Tripathi, Salil, New Statesman (1996)


To fully appreciate the achievements of Nissim Ezekiel, the Indian poet who died last month aged 80 in Bombay, we should not remember the honours and awards he received in the 1980s, but the lonely environment in which he started writing in the early 1950s.

The mood in India at that time was largely anti-colonial; some politicians even wanted to abolish English, the language in which Ezekiel wrote. A Jew in cosmopolitan Bombay, in an India prone to sectarian violence, Ezekiel could not have been more of an outsider. He was the Reader in American Literature at the university, ran a theatre group, wrote advertising copy and art criticism, and also edited the PEN journal. But he also found the time to write and to meet aspiring poets. Dom Moraes, who met him when he was still a schoolboy in the early 1950s, recalls: "He gave young poets the feeling that they were not alone."

Generations of poets, like Moraes, and later Ranjit Hoskote, Jerry Pinto, Menka Shivdasani, Raj Rao, and Jeet Thayil, found Ezekiel to be extremely approachable, happy to read and comment on their work. Moraes remembers him as thin and pale, "with spectacles and long, delicate hands. He had a warm nature that he tried hard to suppress." Pinto recalls showing him his poetry, and Ezekiel pointing out that Pinto had used commas in lines 2, 3, and 7, but not after 1, 5, and 8. Why, he asked.

"I hadn't thought about it", Pinto replied.

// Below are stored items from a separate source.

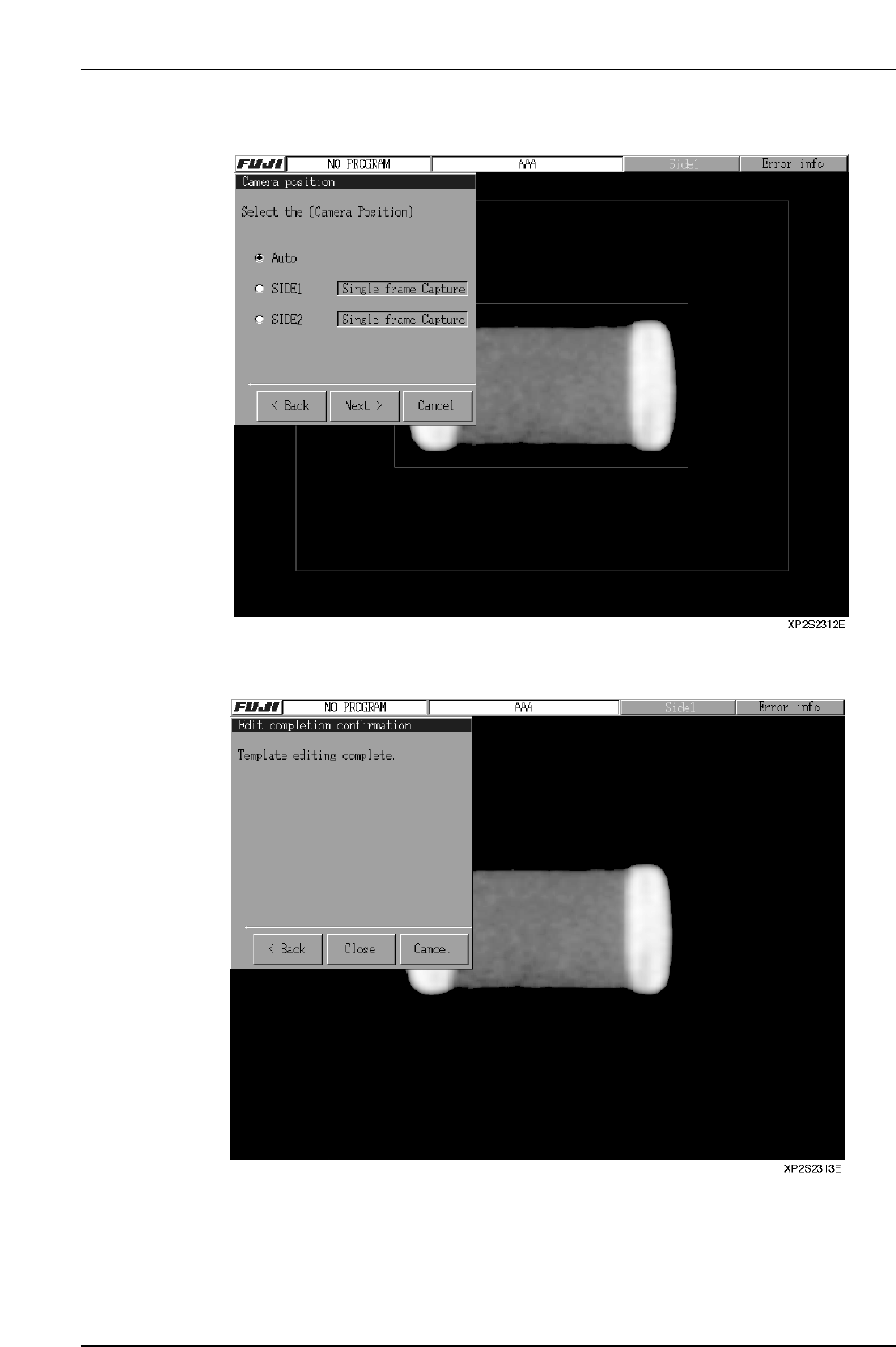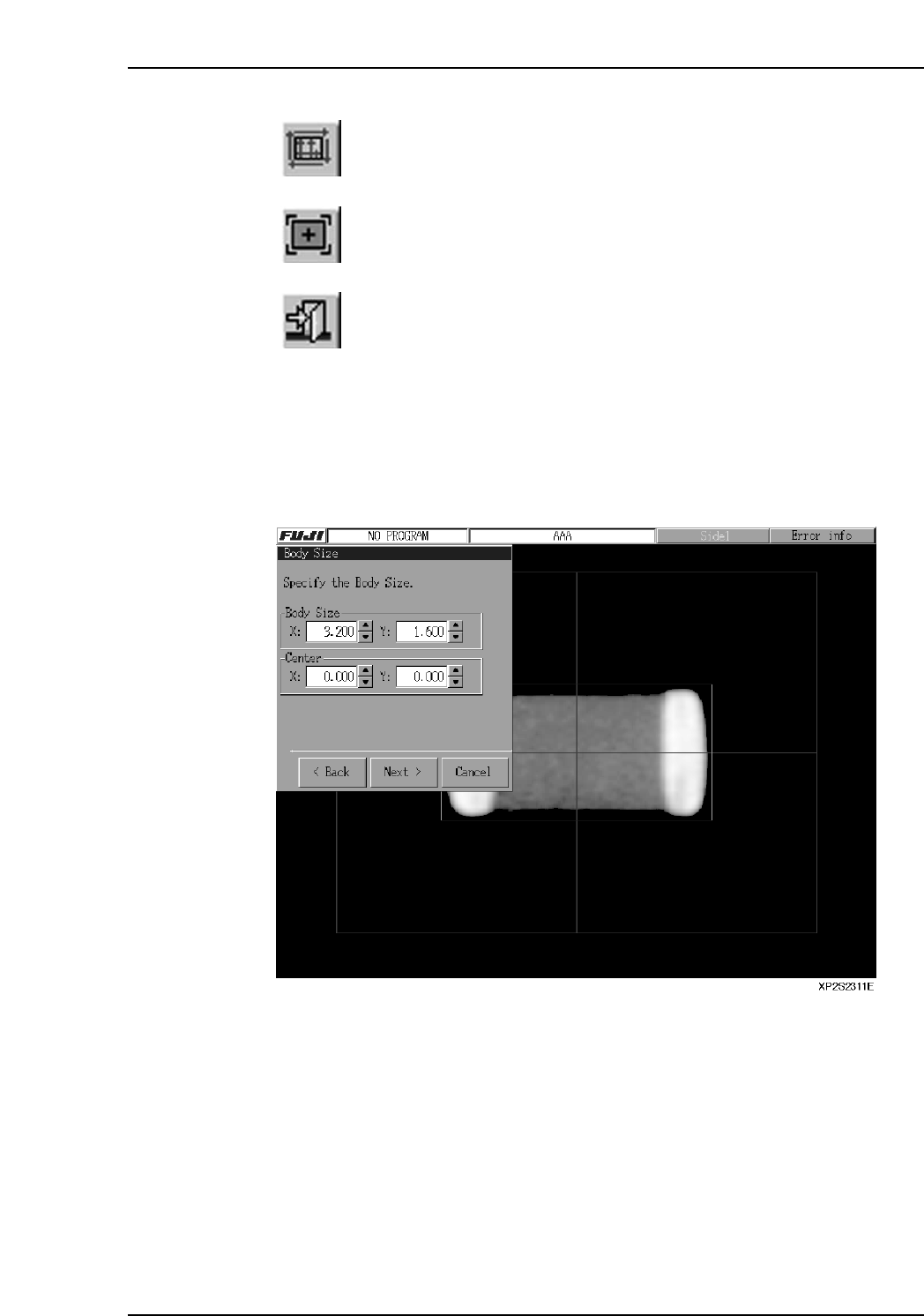 16. Select the inspection line display mode, then draw seek lines at the required points. After drawing the seek lines, repeat the edge position correction operation (see above). 17. Select the image position correction …
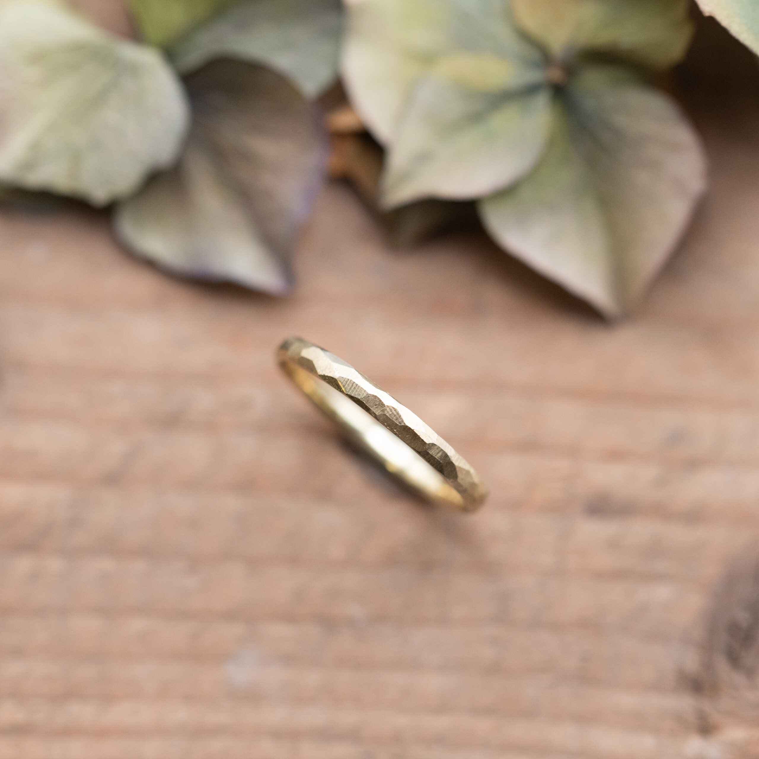 Schlichter Gelbgoldring mit gefeilten Facetten.
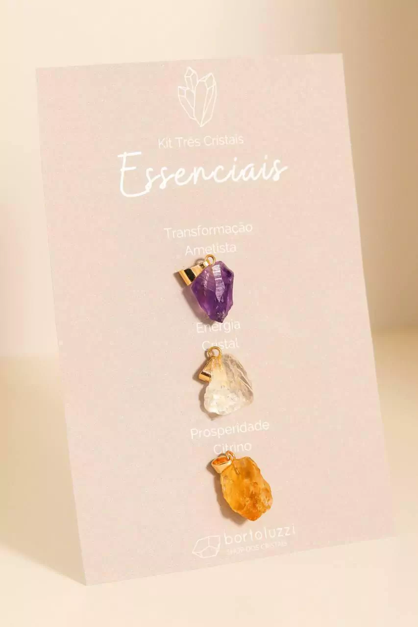 Kit Pingentes Três Cristais Poderosos: Composto por três pingentes: Ametista: Pedra da Transformação Cristal: Pedra da Paz Citrino: Pedra da Fartura

"Think about them, then," he said.

Ezekiel was a reflective man who did not rush into making an opinion. This unwillingness to offend may have come from his acute sense that in India everyone had to get along. When India banned Salman Rushdie's The Satanic Verses, Ezekiel was running the PEN All-India Centre and everyone expected him to stand up for free expression, but he did not. He argued that an intellectual should not upset the community in which he works. A quiet man, not prone to extremes, Ezekiel preferred to bow and bend. He would not bend to the state, but rather to those who claimed to speak for the aggrieved.

[ILLUSTRATION OMITTED]

But in 1964 he took a strong line on V S Naipaul's An Area of Darkness, a sweeping indictment of India which was full of generalisations that were at times infuriating and at others uncannily accurate. …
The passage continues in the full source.